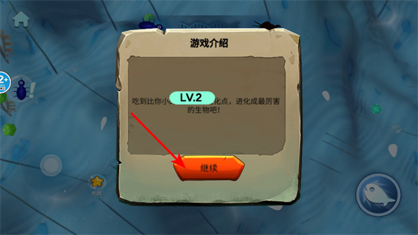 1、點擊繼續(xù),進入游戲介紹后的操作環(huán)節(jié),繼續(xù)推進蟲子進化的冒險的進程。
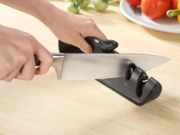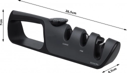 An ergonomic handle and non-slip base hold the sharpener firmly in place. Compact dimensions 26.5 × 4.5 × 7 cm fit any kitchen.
--
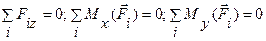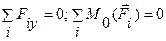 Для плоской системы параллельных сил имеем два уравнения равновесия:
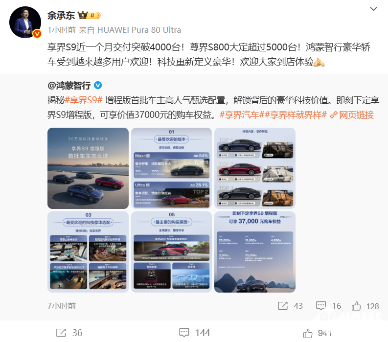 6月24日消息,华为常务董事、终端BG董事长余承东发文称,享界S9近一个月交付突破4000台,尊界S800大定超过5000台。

_What to produce:_ Print from the line containing "Для плоской системы" through the line containing "6月24日消息,华为常务董事" in the data above, exactly as the lines stand, and omit every picture.

_Written solution:_
 Для плоской системы параллельных сил имеем два уравнения равновесия:
 6月24日消息,华为常务董事、终端BG董事长余承东发文称,享界S9近一个月交付突破4000台,尊界S800大定超过5000台。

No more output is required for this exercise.